INITIAL REPORT - May 05, 2010
FIELD REPORT - July 26, 2010
LONG TERM REPORT - September 28, 2010


NAME: Chari Daignault
AGE: 47
LOCATION: Orlando, Florida U.S.A.
HEIGHT: 5' 6" (1.70 m)
WEIGHT: 135 lb (61.20 kg)

I've been a light hiker for 36 years. I take the minimum I can with me and prefer a pack close to 15 pounds [6.80 kg]. I've hiked all the Florida State Forest trails in Central Florida, backpacked the Na Pali coast on the island of Kauai and climbed Mt. Fuji in Japan. I have hiked dry & sandy, rough & rocky and wet & boggy trails and as a result, have found what does and doesn't work for me in terms of equipment and clothing.



Manufacturer: La Sportiva
Year of Manufacture: 2010
Manufacturer's Website:
MSRP: US $140.00
Listed Weight: 14.14 oz (401 g)
Measured Weight: 15.5 oz (439 g)
Available Sizes: EU 36 - 43 (half sizes)
Size Tested: EU 40 (US Women's 9)
Types Available: Men's and Women's
Type Tested: Women's
Colors Available: (Women's) Mocha/Mint, (Men's) Stone/Grey
Color Tested: Mocha/Mint

Further information (Per the manufacturer's website):
LAST: Women's Trango 2
UPPER: Nubuck Leather/ 100% recycled Nylon Mesh/ Uretech
LINING: Gore-Tex®/Dri-Lex® Bristol 40% Recycled Nylon
MIDSOLE: Dual-density ECO Trailon/ 2mm LaSpEVA/ TPU shank
SOLE: Vibram® River with Impact Brake System™ Eco-Step


The FC ECO 2.0 GTX shoes fit perfectly right out of the box. They looked so nice, I had to put them on immediately. They are very sturdy shoes, much heavier than running shoes, but lighter than a hiking boot. Even though they are very sturdy, bordering on stiff, the inside felt very soft and cushiony to the touch. The shoes, per the manufacturer, are a "hiker, a shoe for cruising the market, a workhorse for getting the landscaping done or the perfect casual office shoe".

The laces on the shoes are round and the stylistic eyelets are oval-shaped. These shoes are very sharp-looking and the color combinations meld well together. The tongue is well-padded and secured along the sides inside, which should help keep debris from entering around it into the shoe.

Top and Inside Side
Top and Inside Side

The Nubuck leather part of the upper is very soft to the touch and has a design of small dots all along it, except on either side of the shoe, where there are mountain peaks. On the outside, the mountain peaks contain the La Sportiva logo. The parts of the upper not made of Nubuck are made of 100% recycled nylon mesh. The mountain peak design follows through onto the nylon mesh with Uretech, a rubber compound which I assume is used not only for looks, but also to keep moisture from coming in through the nylon mesh near the bottom of the shoe. The toes of the upper are covered with a stiff, black rubber, which should protect my toes from rocks and when I jam them into things. The back of the heel is protected with more black rubber and has a nice loop which I can use to pull the shoes on easier.

Back and Bottom
Back and Bottom

The inside of the shoes is made from Gortex, which is waterproof and breathable. It feels soft, yet stiff along the sides inside and the footbed insert is also stiff, yet it gives when pressed and is nicely cushioned without being mushy. The insert is stamped with "Fit-thotic" and indicates it is a "Performance fit system" for "Stability and Cushioning". It has good arch support; but not too high -- which is good, as I supinate and have a moderately high arch and don't need arch support.

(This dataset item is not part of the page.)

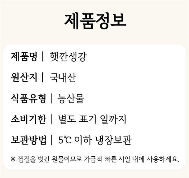 | 4. 제조연월일(포장일 또는 생산연도), 유통기한 또는 품질유지기한 | 신선식품 특성상 별도의 유통기한은 없으나 빠른 섭취를 권장드립니다. |

The sole is made of Vibram interlaced with a harder rubber and plastic labeled as an "Impact Brake System". The Vibram is black and the Impact Brake System is a nice moss-green color (maybe mint?). The Vibram part of the sole feels almost slightly sticky and seems like it will have good traction on the trail.

Bottom and Outside Side
Bottom and Outside Side


The shoes fit just right when I wore them with a light, cushioned crew sock. The toebox is roomy without allowing my foot to slip forward. The cushioning feels great, but the shoe is also extremely sturdy. They're stiff, without being so stiff as to make it difficult to bend forward on my toes. The Nubuck leather uppers keep their shape and so far have not wrinkled at all. I've worn the shoes every single day to work since I received them, 5 days in all, and they still look just like they came out of the box.

The laces -- being round -- are probably the only issue I have with the FC ECO 2.0 GTX shoes. Because they're not flat, they have the tendency to untie. Double-knotting is not an option for me, as the laces are not long enough -- and I prefer not to double-knot my hiking shoes so I can remove them quickly and easily in an emergency. So far, either one or the other shoe has come untied at least once every day I've worn them. Luckily I can tell almost immediately when it happens, as the secure comfort the shoes offer suddenly releases its grip on my foot.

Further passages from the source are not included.